- Camp Robinson Location of Camp Robinson in Ontario
- Coordinates: 50°07′50″N 93°13′11″W﻿ / ﻿50.13056°N 93.21972°W
- Country: Canada
- Province: Ontario
- Region: Northwestern Ontario
- District: Kenora
- Part: Kenora, Unorganized
- Founded: 1947
- Elevation: 394 m (1,293 ft)
- Time zone: UTC-6 (Central Time Zone)
- • Summer (DST): UTC-5 (Central Time Zone)
- Postal code FSA: P0V
- Area code: 807

= Camp Robinson, Ontario =

Camp Robinson is an unincorporated place and former settlement in Unorganized Kenora District in northwestern Ontario, Canada. It is located on Moose Lake about 3 km east of Ontario Highway 105 and 33 km north of Vermilion Bay.

==History==
The camp was created as Camp 69 on Moose Lake, Ontario in . Established by the Minnesota and Ontario Paper Company to house woodland workers and their families, Camp Robinson was named in honor of Mr. RHM Robinson, the then President of the company.

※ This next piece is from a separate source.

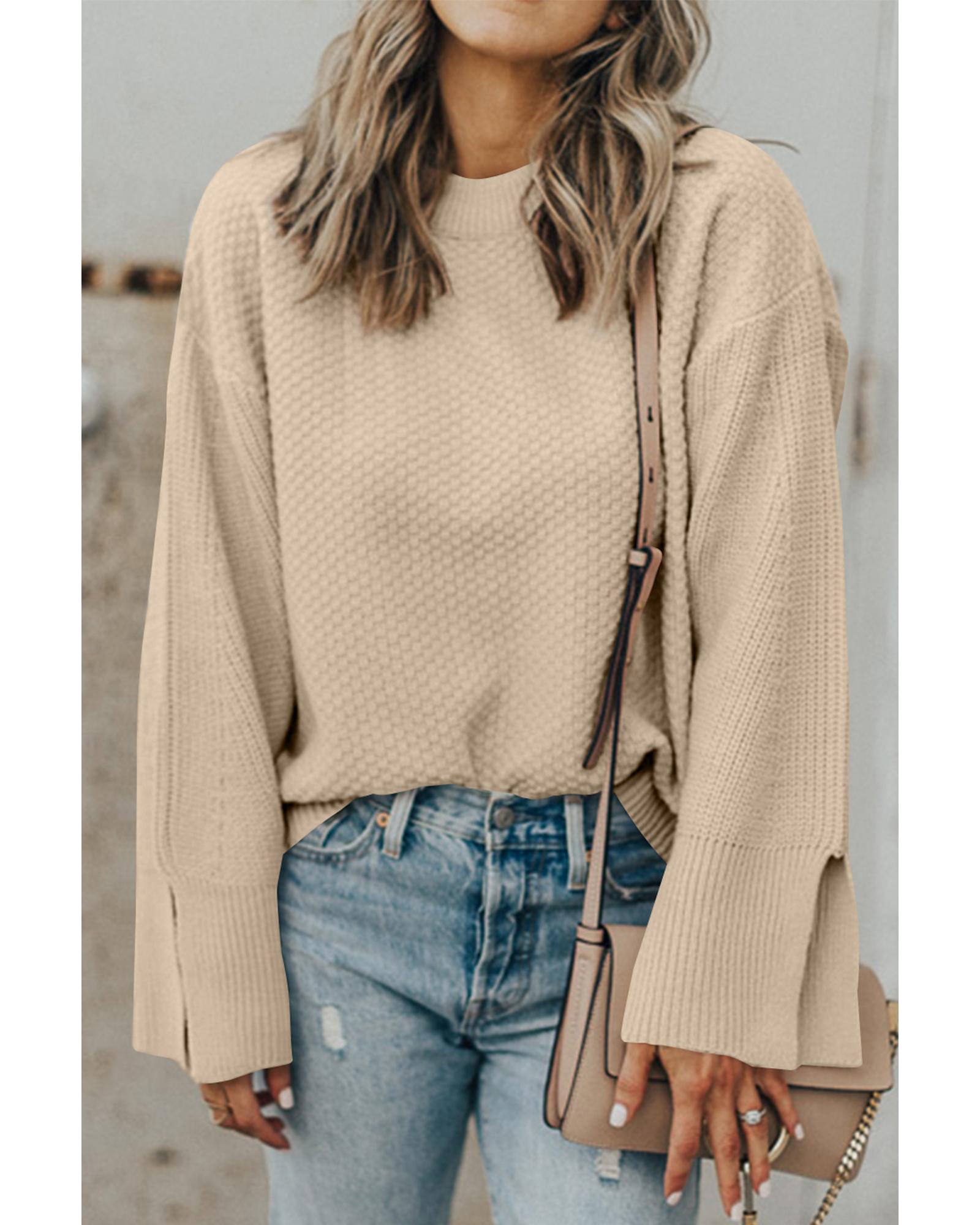 - Parchment Solid Textured Knit Split Cuff Drop Shoulder Loose Sweater

The camp had over 30 homes that were four room bungalows which were first painted green. These small houses created low rent homes for the company's workers and their families. A two-room school was built to house 50 students overseen by Mr. Edwin Sweet, teacher/principal. Mr. Sweet was assisted by Mrs. Iola Seed. Eventually, a bakery, butcher shop, a laundry, a small infirmary with a registered nurse were all located in the camp. For entertainment, the camp had its own curling rink and baseball diamond and for spiritual needs: a church.

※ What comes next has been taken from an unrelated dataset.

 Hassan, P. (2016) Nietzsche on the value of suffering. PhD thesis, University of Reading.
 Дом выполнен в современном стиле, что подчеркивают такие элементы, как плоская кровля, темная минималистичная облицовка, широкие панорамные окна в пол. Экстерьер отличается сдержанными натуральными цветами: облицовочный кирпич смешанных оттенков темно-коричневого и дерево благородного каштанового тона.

The camp had its own power generation using large diesel powered generator sets. The company's woodland garage was located in the camp to service all the equipment from surrounding woodlands operations. The camp even had its own sewage system.

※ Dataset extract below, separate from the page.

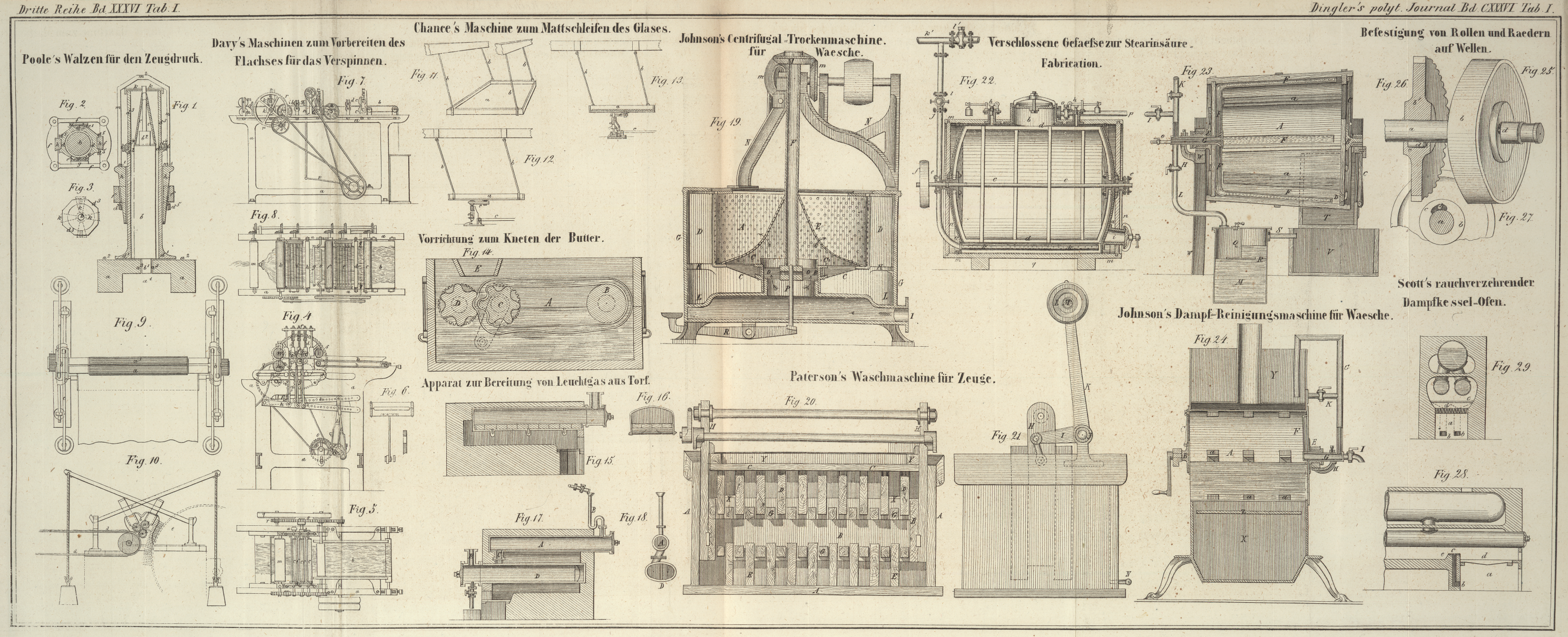 VI. Wasch-Maschine für Zeuge, welche sich J. Paterson zu Beverley am 10. März 1854 patentiren ließ. Mit Abbildungen auf Tab. I.

Camp Robinson was in existence for over 30 years until its demise in 1980. The end for the camp was in the works since the takeover of the company by Boise Cascade, as they had planned to replace the workers (represented by the Lumber and Sawmill Union) with independent owner operators of log skidding equipment. The eventual announcement caused a strike to start in 1978 and the last family, Beverley and Stanley Sandmoen, left the camp in 1980. The camp was leveled and buried by Boise Cascade and trees were planted over the site.